Jennifer Holik is an international WWII researcher, speaker, and author of the only authoritative books on the market, “Stories from the World War II Battlefield,” which teach individuals how to research WWII service across any branch. She can be found at her website The World War II Research and Writing Center or on Facebook.

23 Comments

  1. Elizabeth Betty Evans

    I’m sick of your stupid commercial about the guy who thought he was German etc.
    What a jerk. And who cares what he is. We’re Americans. Period!

    • Ms Henri

      Jennifer – Appreciate your extensive knowledge of the various wars and your willingness to share that knowledge with those of us who are working towards leaving correct information for future generations. Thanks for all the many hours and hard work you have put into this endeavor.

    • Shelley Clemens

      I think the ad is funny, because in my family when we would ask, my father used to say we were Welsh. Many years later, when I became interested in genealogy, I learned his family’s history is actually German!

  2. Salli

    I have a family member who wants to visit the burial site for his great uncle, Andrew James CAMPBELL – Regimental #904611. When I checked his Canadian WWI record it noted he died in action on 30 Oct 1917 at Passchendaele. On the Library and Archives of Canada site it was noted that his remains were not returned to Canada and he wasn’t buried in a single grave – would there still be a burial record?

    • Jennie Rose

      I did find some reference to the Menin Gate Memorial. There is engraved thousands of name that passed through. Probably no grave, but might find his name engraved along with many thousands of men who also passed through. It looks very nicely taken care of.

    • Salli,
      There are many WWI memorials in Europe with names inscribed. Menin Gate is only one. Tyne Cot cemetery which is not far from there has a long wall full of names also. The WWI cemeteries and memorials are scattered all over. It is possible he’s buried somewhere. You can check the Commonwealth War Graves Commission https://www.cwgc.org/ for information.

      • Salli

        Thank you Jennifer. Will have to go back into the Commonwealth War Graves and do further checking. So appreciative of all that have made suggestions.

  3. Joan Schacht

    Thank you for your insightful and informative articles.I was thrilled to find my great uncle on the ship records mentioned in your last article. Are you aware if any POW records (American soldier held as a German POW, WW I) that will be digitized? Sadly my uncle died on Nov 9 in the German hospital and was buried but somewhere along the line the body got mixed up and now he is listed on the MIA tablet at Meuse Argonne.

    • Joan,
      Have you obtained his WWI Burial file from NPRC? If not you should. It will talk about his temporary burial and final disposition. The POW records are in NARA College Park, MD and are not digitized. You have to contact NARA to get them or work with a researcher. There is quite a bit of WWI information available even if the OMPF burned. I do take clients if you need assistance at any repositories.

    • Joan,
      Another thought. In WWII, graves registration had a better handle on their job and how they identified and buried the bodies or what was left of the remains.

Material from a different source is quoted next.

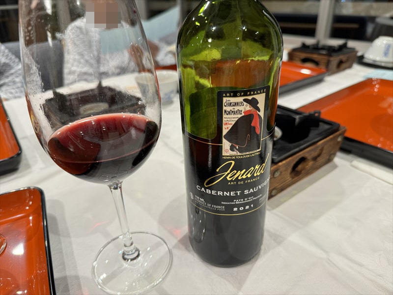 ちなみにワインは一番安価なフランス産赤ワインのフルボトルの4,950円のジュナール・カベルネ・ソーヴィニオンを頂きました。
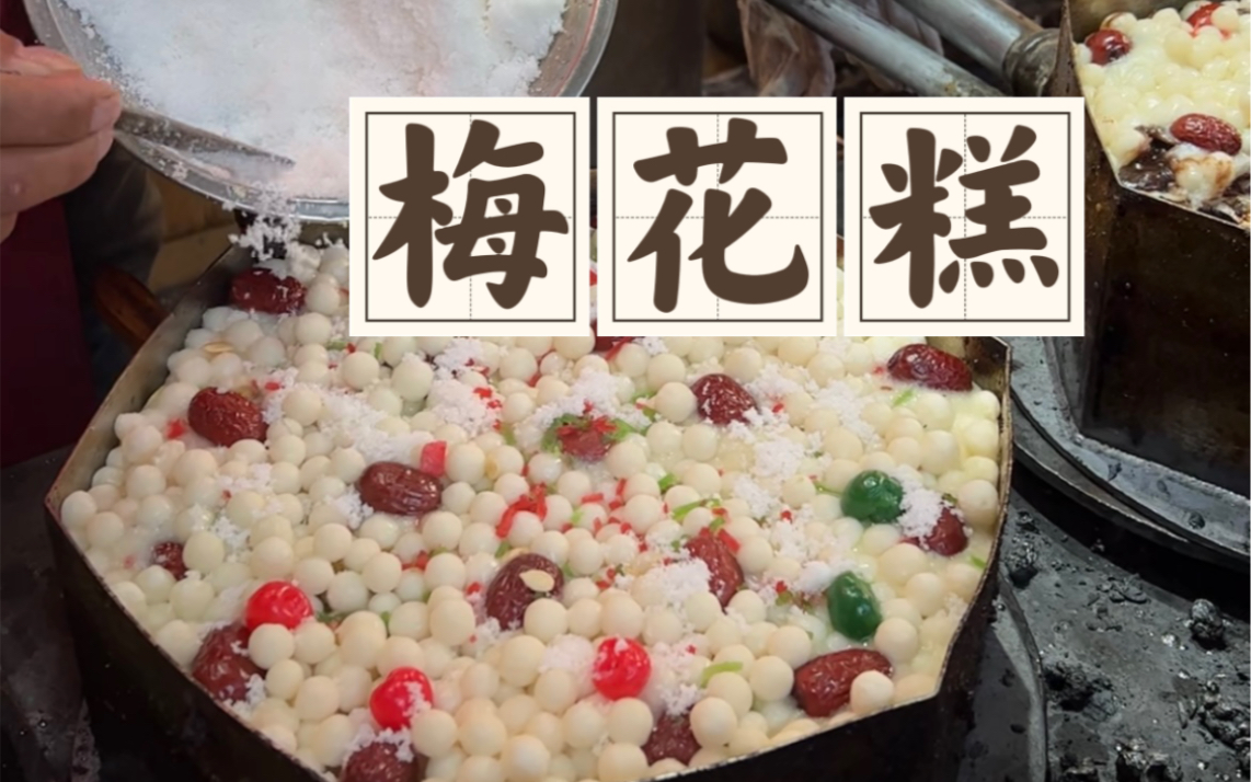 梅花糕是江苏南京、苏州、无锡等江南地区的一种著名的风味特色小吃。源于明朝,发展到清朝时就成为江南地区最著名的传统特色糕类小吃。相传乾隆皇帝下江南时见其形如梅花,色泽诱人,故作品尝。入口甜而不腻、软脆适中、回味无穷,胜过宫廷御点,拍手称快。因其形如梅花,便赐名梅花糕,流传。梅花糕和海棠糕类似,呈金黄色,松软可口,老少皆宜。

In WWI, things were not as well organized, especially if they received a body from a POW cemetery. I have a couple of Burial Files which have mixed up papers and the one I mentioned in my article that clearly showed Graves Reg mixed up the remains and knew it, yet did nothing about it.
      WWI was a whole other beast and with so many temporary cemeteries for all nations involved and the tiny bits of men retrieved at times, it seems more often mistakes were made. Follow the paper trails and see what you can discover.